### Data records

>>

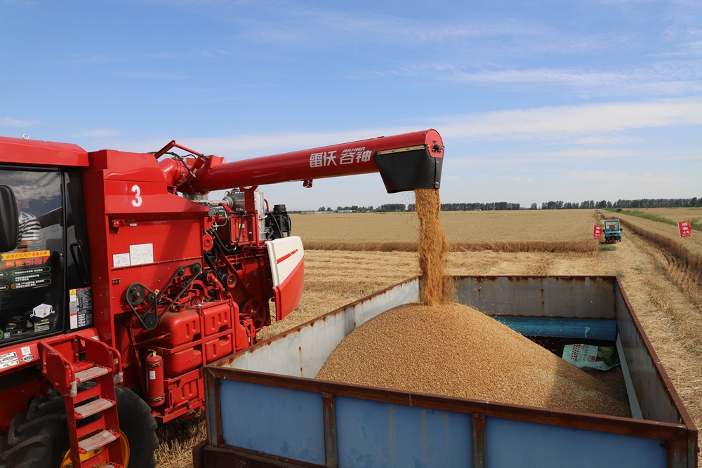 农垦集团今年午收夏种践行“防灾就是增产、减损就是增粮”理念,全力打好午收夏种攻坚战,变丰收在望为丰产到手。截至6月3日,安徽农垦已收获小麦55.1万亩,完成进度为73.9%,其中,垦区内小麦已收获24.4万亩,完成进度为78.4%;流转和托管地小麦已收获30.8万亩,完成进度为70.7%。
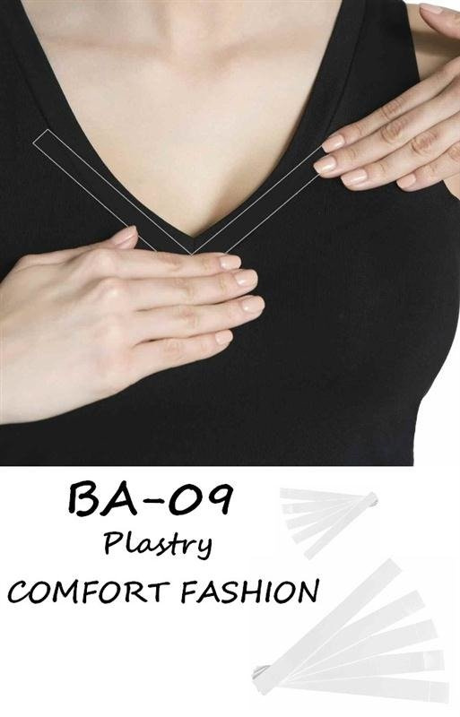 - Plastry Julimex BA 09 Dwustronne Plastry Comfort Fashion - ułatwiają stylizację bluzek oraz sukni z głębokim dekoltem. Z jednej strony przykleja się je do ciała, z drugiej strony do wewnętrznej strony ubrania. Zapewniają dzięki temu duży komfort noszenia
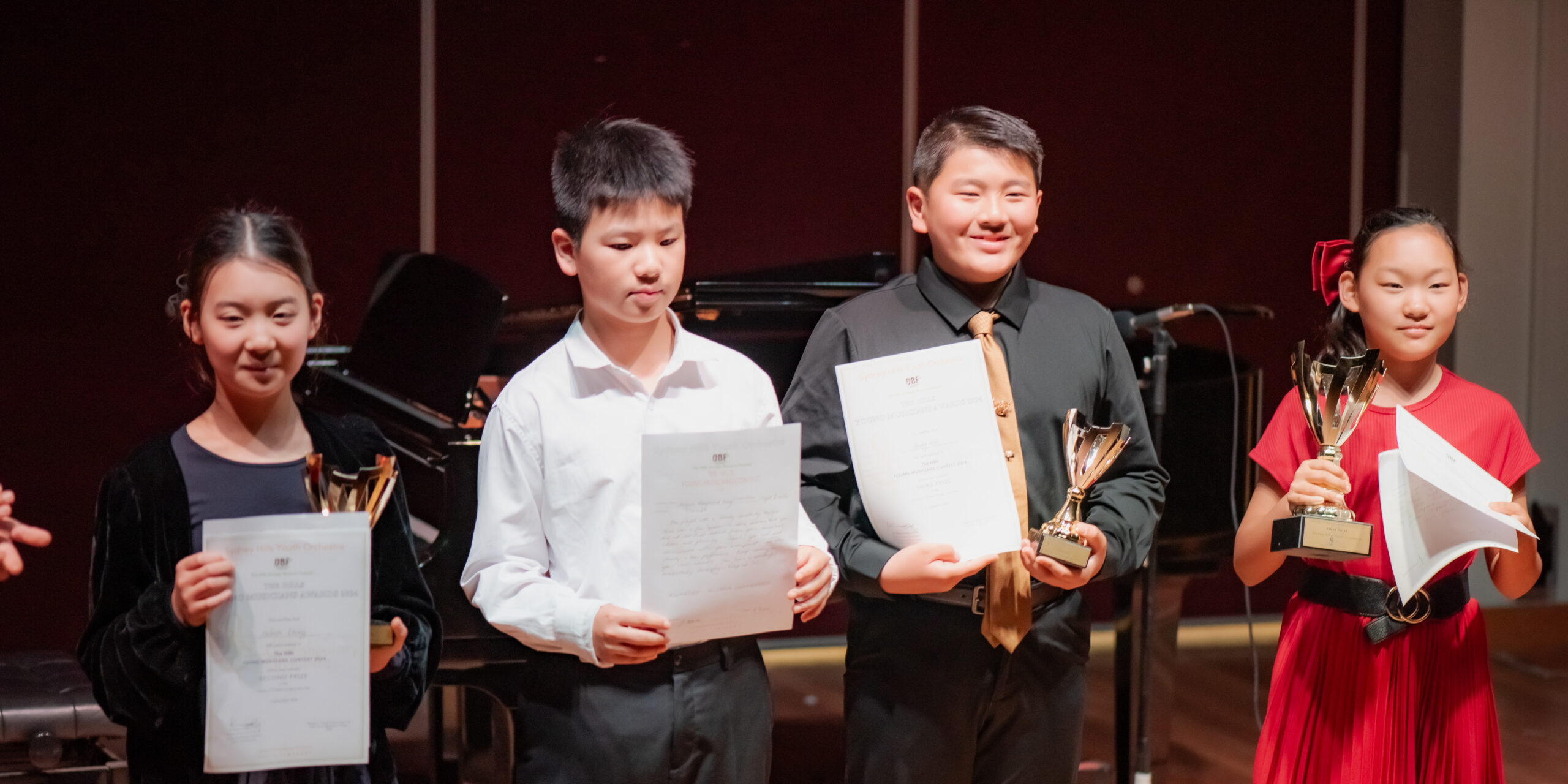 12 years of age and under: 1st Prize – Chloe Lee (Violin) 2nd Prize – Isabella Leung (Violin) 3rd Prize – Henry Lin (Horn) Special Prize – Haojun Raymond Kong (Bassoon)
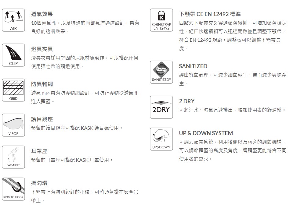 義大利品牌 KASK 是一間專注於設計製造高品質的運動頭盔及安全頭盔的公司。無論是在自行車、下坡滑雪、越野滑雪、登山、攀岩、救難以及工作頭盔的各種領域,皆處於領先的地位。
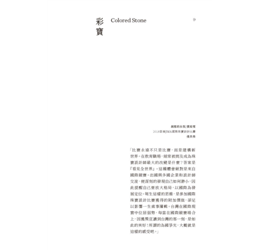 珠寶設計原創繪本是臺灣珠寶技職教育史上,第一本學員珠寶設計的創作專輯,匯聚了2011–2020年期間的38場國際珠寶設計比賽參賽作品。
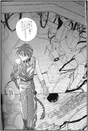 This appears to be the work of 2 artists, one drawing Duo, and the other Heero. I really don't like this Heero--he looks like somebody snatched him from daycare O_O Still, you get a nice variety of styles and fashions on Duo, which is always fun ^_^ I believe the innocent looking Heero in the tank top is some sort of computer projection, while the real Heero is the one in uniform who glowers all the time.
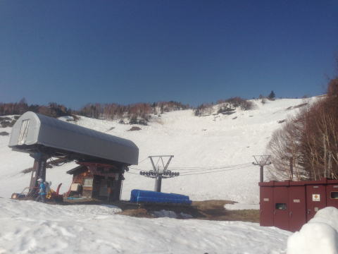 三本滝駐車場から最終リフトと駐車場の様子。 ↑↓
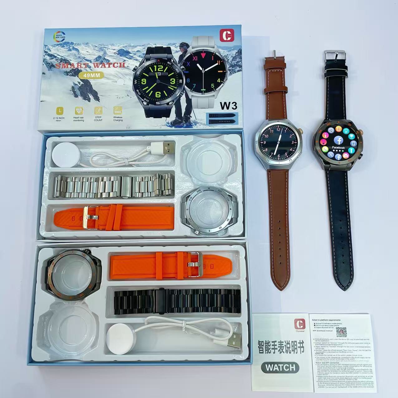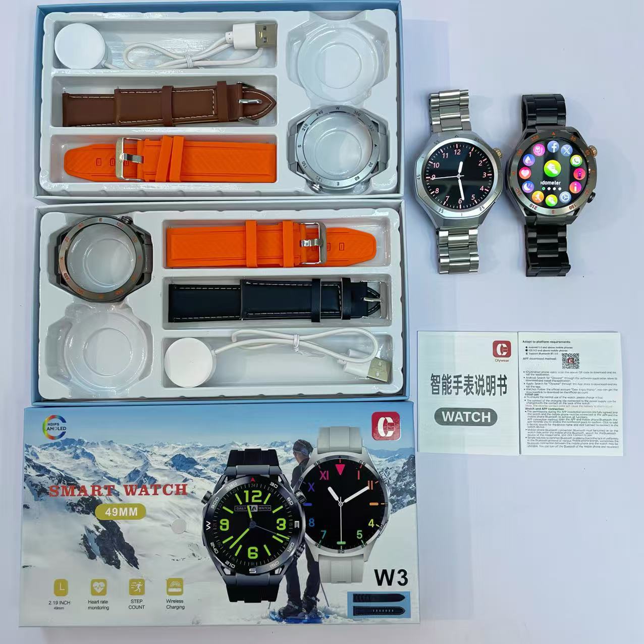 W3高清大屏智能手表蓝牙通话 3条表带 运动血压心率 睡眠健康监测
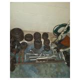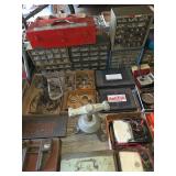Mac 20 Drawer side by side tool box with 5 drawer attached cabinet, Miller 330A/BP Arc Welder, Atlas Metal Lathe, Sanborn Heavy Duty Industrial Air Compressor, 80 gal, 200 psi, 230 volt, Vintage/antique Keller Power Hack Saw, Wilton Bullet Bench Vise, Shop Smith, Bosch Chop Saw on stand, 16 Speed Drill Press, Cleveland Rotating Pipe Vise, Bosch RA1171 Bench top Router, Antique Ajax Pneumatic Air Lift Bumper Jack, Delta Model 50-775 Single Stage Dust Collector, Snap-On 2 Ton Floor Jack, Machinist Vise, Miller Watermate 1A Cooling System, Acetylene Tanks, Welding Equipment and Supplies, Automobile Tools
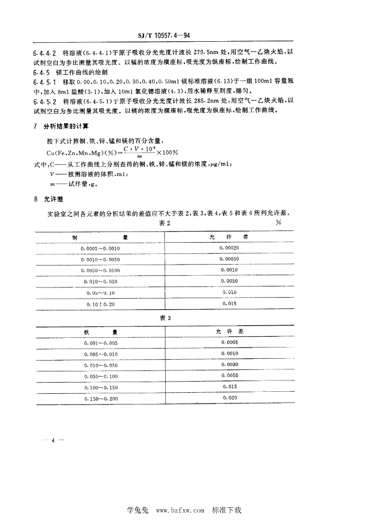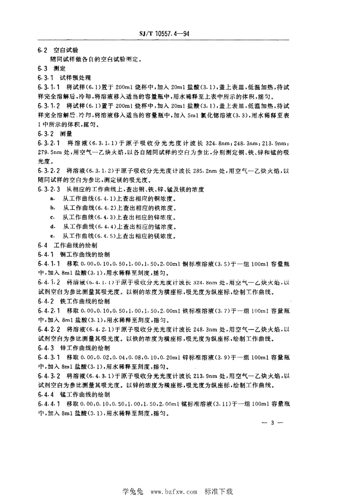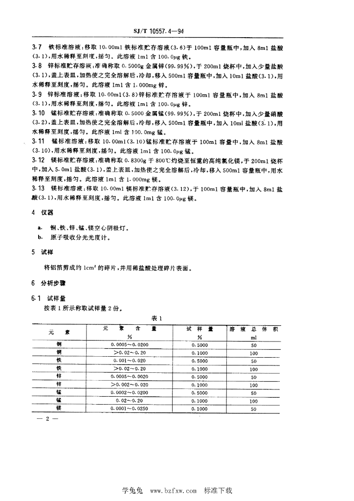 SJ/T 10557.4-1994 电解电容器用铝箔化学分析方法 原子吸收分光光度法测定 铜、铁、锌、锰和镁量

<<

### TASK REQUIREMENTS
Exactly the lines from the one containing "W3高清大屏智能手表蓝牙通话 3条表带 运动血压心率 睡眠健康监测" through the last line of the data above should be output, both ends included, with every picture left out.

### COMPLETED EXERCISE
 W3高清大屏智能手表蓝牙通话 3条表带 运动血压心率 睡眠健康监测
Mac 20 Drawer side by side tool box with 5 drawer attached cabinet, Miller 330A/BP Arc Welder, Atlas Metal Lathe, Sanborn Heavy Duty Industrial Air Compressor, 80 gal, 200 psi, 230 volt, Vintage/antique Keller Power Hack Saw, Wilton Bullet Bench Vise, Shop Smith, Bosch Chop Saw on stand, 16 Speed Drill Press, Cleveland Rotating Pipe Vise, Bosch RA1171 Bench top Router, Antique Ajax Pneumatic Air Lift Bumper Jack, Delta Model 50-775 Single Stage Dust Collector, Snap-On 2 Ton Floor Jack, Machinist Vise, Miller Watermate 1A Cooling System, Acetylene Tanks, Welding Equipment and Supplies, Automobile Tools
 SJ/T 10557.4-1994 电解电容器用铝箔化学分析方法 原子吸收分光光度法测定 铜、铁、锌、锰和镁量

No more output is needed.